Because America is a very pluralistic country, we have to have contacts with representatives of other faiths. The OCA takes part in the National Council of Churches of the USA and the World Council of Churches. We participate in discussions conducted within the framework of the ecumenical organizations, although we rarely approve of what they do. But they do many good things; especially, in providing an opportunity for the Orthodox to meet with one another.
Now about the theological dialog with the heterodox. If the matter concerns the Episcopal Church/USA, then this dialog has stopped. But we engage in dialog with Episcopalian traditionalists many of whom embrace the Orthodox faith. And I personally, and our entire Synod gives great attention to bringing these people into the fold of the Orthodox Church in America.
You are not afraid of accusations of proselytizing?
This is not proselytizing - it “aggressive proclamation” of the Gospel of Jesus Christ. We are all called to preach the gospel of Jesus Christ. Orthodoxy - is preaching of Christ in all its fullness.
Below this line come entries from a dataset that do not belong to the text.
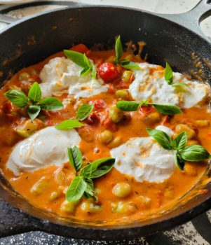 I mellem tiden koger du gnocchien som anvist på pakken. Gem 100 ml af pastavandet. Kom de kogte gnocchi og vandet ned i panden til tomaterne, og rør i retten indtil saucen er tyknet. Det tager ca. 2 minutter.
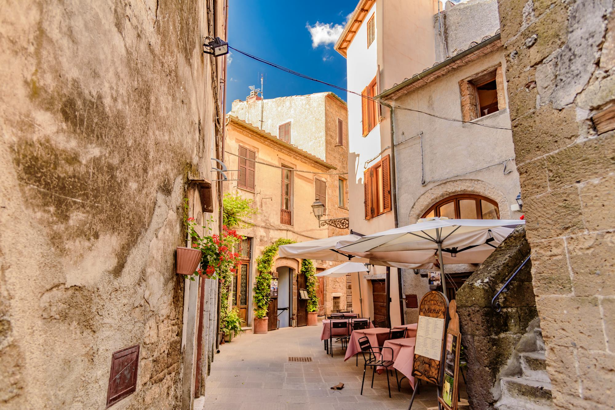Von Ihrer heutigen Unterkunft im Raum Saturnia fahren Sie in das mittelalterliche Dorf Pitigliano. Dieses Städtchen wird von drei Flüssen umgeben und liegt auf einem steilen Felsen aus Tuff-Stein in einer Höhe von ungefähr 300 Meter. So erhebt sich die gesamte rot-braune Stadt aus einem grünen Tal. Die Häuser der Stadt sind nah aneinander gebaut und liegen dicht an der Klippe des Tuff-Steins. Durch die dicken Stadtmauern war Pitigliano früher uneinnehmbar für Feinde.
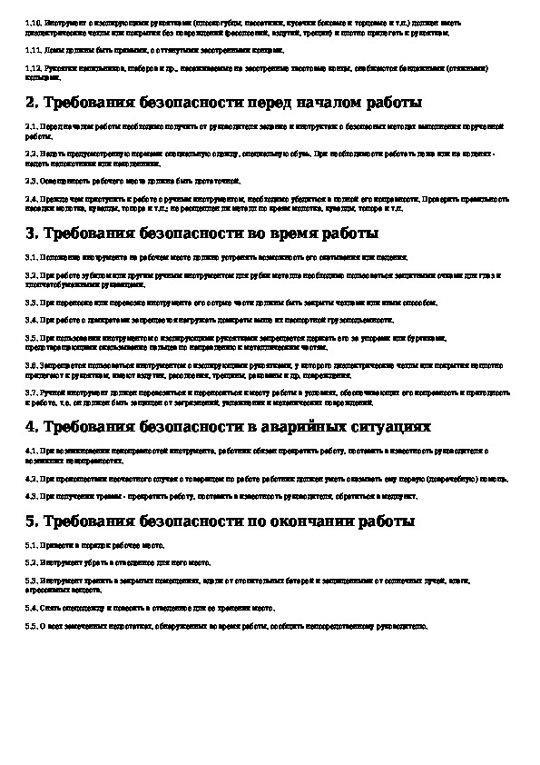 Типовая инструкция по охране труда при работе с ручным инструментом
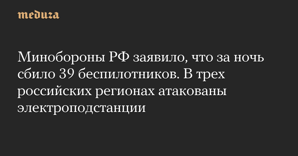Минобороны РФ заявило, что за ночь сбило 39 беспилотников. В трех российских регионах атакованы электроподстанции
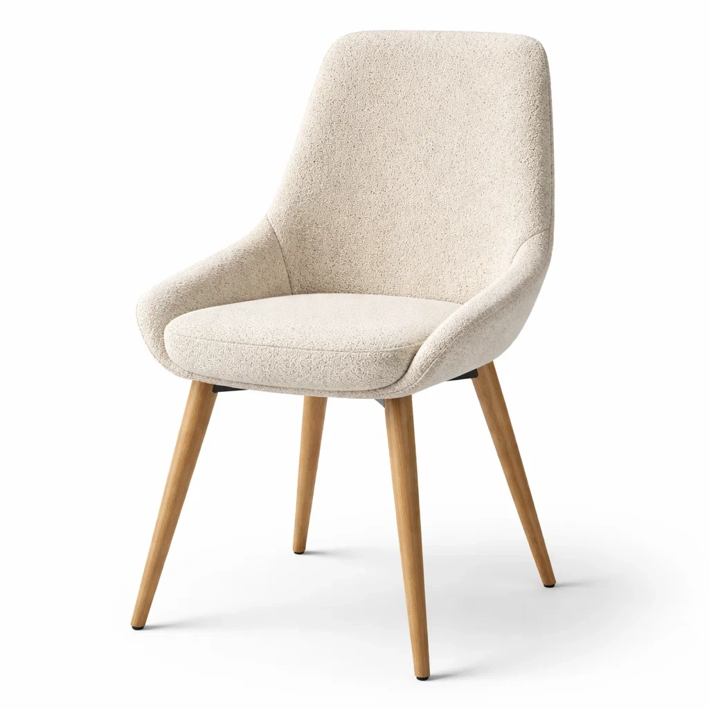 Chaise de salle à manger en chêne avec tissu bouclé beige
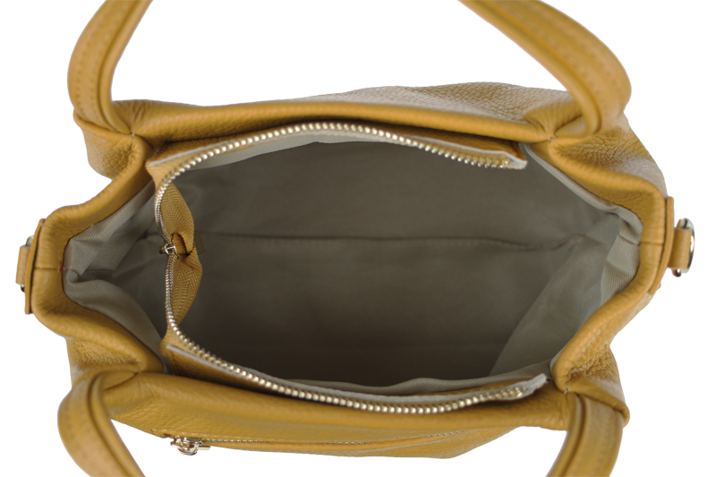 Elegantní a praktická žlutá kabelka nositelná cross-body (křížem) nebo v ruce. Tato kožená kabelka je uzavíratelná na zip. Uvnitř kabelky najdeme na boční stěně kapsu na zip a přihrádky pro mobil či klíče. Hloubka jejího dna je 13 cm. Kabelka má navíc nastavitelný popruh s maximální délkou cca 120 cm.
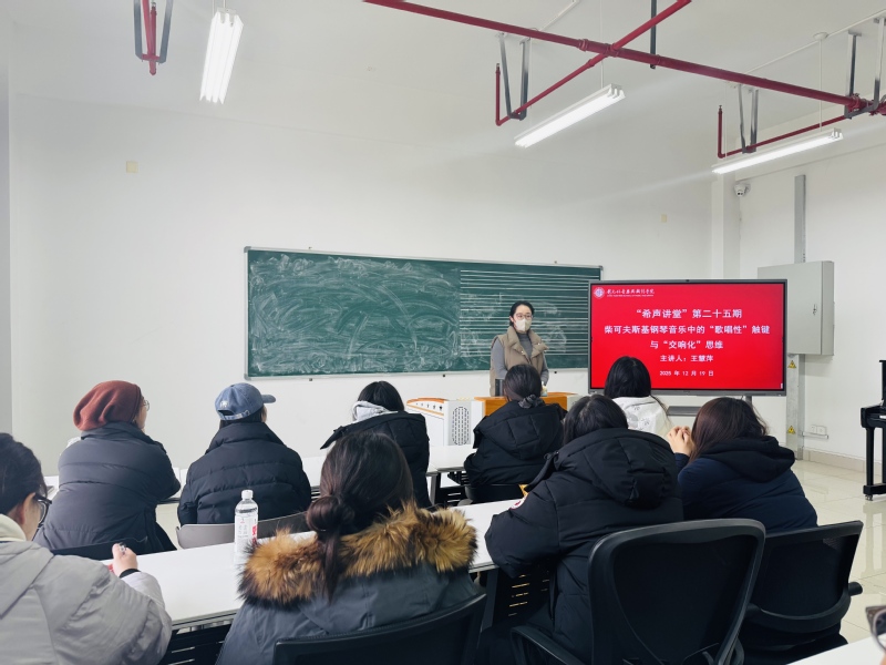 12月19日下午,学院在立行楼429室举办“希声讲堂”第二十五期讲座——《柴可夫斯基钢琴音乐中的“歌唱性”触键与“交响化”思维》。主讲人王慧萍,色情网 赵元任音乐与戏剧学院钢琴教师,钢琴表演博士。讲座由副院长王成文主持,学院钢琴专业教师及全体研究生参加。

-Metropolitan +Jonah (OCA) in a recent wide ranging interview. I strongly encourage reading it all.Source.
2 comments:
I think the Old Elizabethan claim that "We have no religion of our own..." has finally reached the point where lopping off the rest of the statement seemed appropriate. Parliament found it expedient to treat the Church as just another department of government and assume rule of the church. The American church aped the practice and raised it one. No one complained, and Via Media became not the road between, but the road to one or the other and out. Lattitudinarians rule the roost, the Anglican church has returned to its arid state (pre John Donne) of con-celebrating state functions, and Met. Jonah is right to state the obvious. Sadly, sorting out the faith from the anglophilism in the remaining Anglican traditionalists... I can't imagine accomplishing that any better here than we've managed with some of our Orthodox jurisdictionalists.... which is to admit that perhaps this confusion is more of our commonality than matters of faith.
I said it here in 1999:
http://www.newoxfordreview.org/reviews.jsp?did=0599-tighe
although, to be fair to Anglicans and the Church of England, by the 18th century Lutheran rulers in both Germany and Scandinavia had far outstripped those of England/Britain in their Erastianism and reduction of their religious establishments to departments of state, and that remains the case in countries like Denmark and Norway to the present day. On the other hand, while Lutherans have the Confessions as authorities (setting aside the problems implicit in "paper popes"), the Anglican "default position" (as I insist in the linked book review) is always a thoroughgoing Erastianism.